José Rivair de Macedo
– O personagem Jorge de Burgos, que alguns imaginam ter sido criado por Umberto Eco  em homenagem ao escritor Jorge Luiz Borges  - para quem o labirinto constituiu uma fascinante metáfora do saber - representa uma das vertentes mais conservadoras da Igreja medieval: a vertente monástica beneditina. Não obstante o riso ter sido apropriado como instrumento pedagógico na pregação dos fiéis, os mosteiros de orientação beneditina é que apresentaram as maiores restrições ao riso e à risibilidade. Na própria Regra de São Bento, redigida no princípio do século VI, consta que: “Os gracejos frívolos e as conversas ociosas e provocadoras de riso, condenamo-las a serem excluídas para sempre de todos os lugares e não permitimos ao discípulo abrir a boca para tais conversas”. Aqui, o riso é encarado como fator de dissolução da rígida disciplina imposta aos monges. Parece ser essa a posição de Jorge de Burgos, e o romancista pune-o, apresentando-o como um velho muito sábio, mas cego, exatamente oposto de Guilherme de Baskerville, também vinculado ao meio monástico, mas um franciscano “progressista”, adepto da lógica e do experimentalismo, que vê mais longe ao usar óculos. 

IHU On-Line – Como o riso medieval foi registrado pela arte sacra?

José Rivair de Macedo
– Também nas formas artísticas cristãs o riso assume tons, cores e matizes. Na arte religiosa oficial, inscrita na estatuária das catedrais, na iluminação dos manuscritos ou na pintura mural dos afrescos, as cenas risíveis em geral estão associadas com o demônio, que, invariavelmente, se mostra rindo nos tímpanos das catedrais. No século XIII, quando aparece pela primeira vez na Catedral de Reims a expressão do riso positivo, os anjos sorriem discretamente. A gargalhada, expressão do excesso, da pode-se encontrar, todavia, nas ilustrações marginais inseridas nas colunas dos manuscritos, onde os copistas e iluminadores, por vezes, expressaram visão de mundo distinta da oficial, marcada pelo riso de sátira e do deboche. Aí se podem ver asnos paramentados de clérigos, ensinando ou realizando missas, macacos montados em ursos, homens desfigurados em atitudes grotescas, enfim, um “mundo às avessas”  desordenado, espécie de válvula de escape da seriedade habitual do mundo idealizado pela cultura cristã.

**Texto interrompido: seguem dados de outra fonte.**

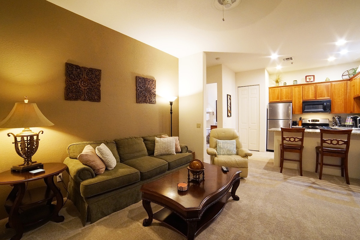 Bienvenido a este apartamento privado recién reformado. La sala de estar tiene muchos asientos acogedores, una chimenea de gas y televisores inteligentes. Disfruta de una taza de café o cocina tu comida favorita en la cocina completa. El dormitorio cuenta con una cama tamaño California King ricamente decorada para tu comodidad. Disfruta del aire libre en tu patio privado, refréscate en una de las varias piscinas del complejo o contempla las vistas del atardecer desde el jacuzzi. La propiedad se encuentra a poca distancia a pie del casco antiguo.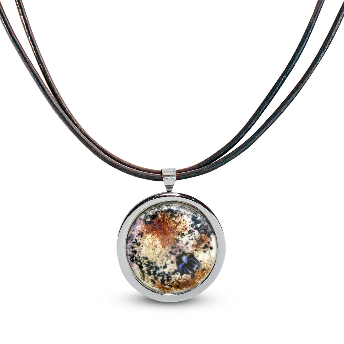 Колье изготовлено из натуральной кожи, муранского стекла и гипоаллергенной ювелирной стали, что очень важно для людей с чувствительной кожей. Металл не темнеет и не подвергается воздействиям окружающей среды, надолго обеспечивая красивый внешний вид изделия. Длина колье - 46 см + 5 см. удлиняющая цепочка. Диаметр стеклянного элемента - 2,5 см. Вес - 17 гр.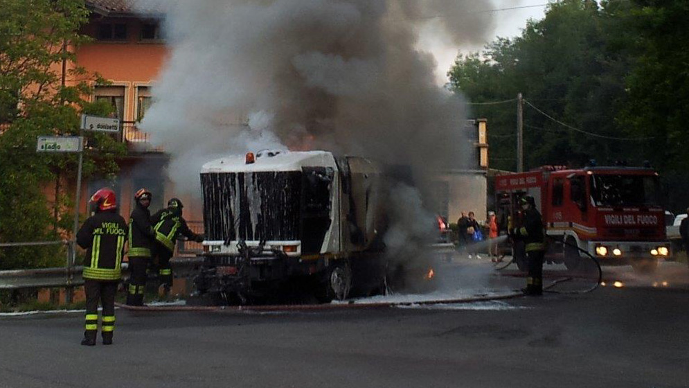 Una spazzatrice è andata distrutta a causa di un incendio, nella mattinata di oggi a Leffe. L’episodio si è verificato poco dopo le 8, nella zona dello stadio. Il mezzo, della ditta che si occupa della pulizia strade per il comune, era all’opera quando improvvisamente ha preso fuoco. Non è chiaro quale sia stata la causa del rogo, ma si suppone si sia trattato di un guasto: dell’olio idraulico potrebbe essere fuoriuscito, innescando l’incendio. Appena si è accorto di quanto stava accadendo, l’operatore alla guida del mezzo è sceso e ha dato l’allarme. Sul posto sono intervenute tre squadre dei Vigili del fuoco, due da Gazzaniga e una da Clusone, che hanno provveduto a spegnere le fiamme. L’intervento si è concluso intorno alle 10,30.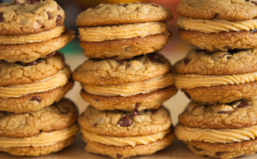 Chocolate Chip and Peanut Butter Mousse Sandwich Cookies

IHU On-Line – Poderíamos dizer que o riso no medievo serviu como uma forma de resistência, além de manifestação de expressão e liberdade?

José Rivair de Macedo
– Certamente. Mesmo tais posições não tendo sido colocadas expressamente, e intencionalmente, pelos escritores e artistas do medievo, a multiplicidade de percepções do riso e da risibilidade passava pela possibilidade, ou não, de expressar sentimentos, pontos de vista e gestos mal vistos ou condenados pela instituição oficial cristã.  De um modo geral, contrariando os preceitos calcados na idéia da renúncia, da ascese, da culpa e do pecado, as manifestações de vitalidade e alegria da cultura profana medieval, sempre aberta à fantasia e à evasão, ao prazer e à festividade, indica-nos que, já naquele momento, o riso era um veículo de expressão da liberdade.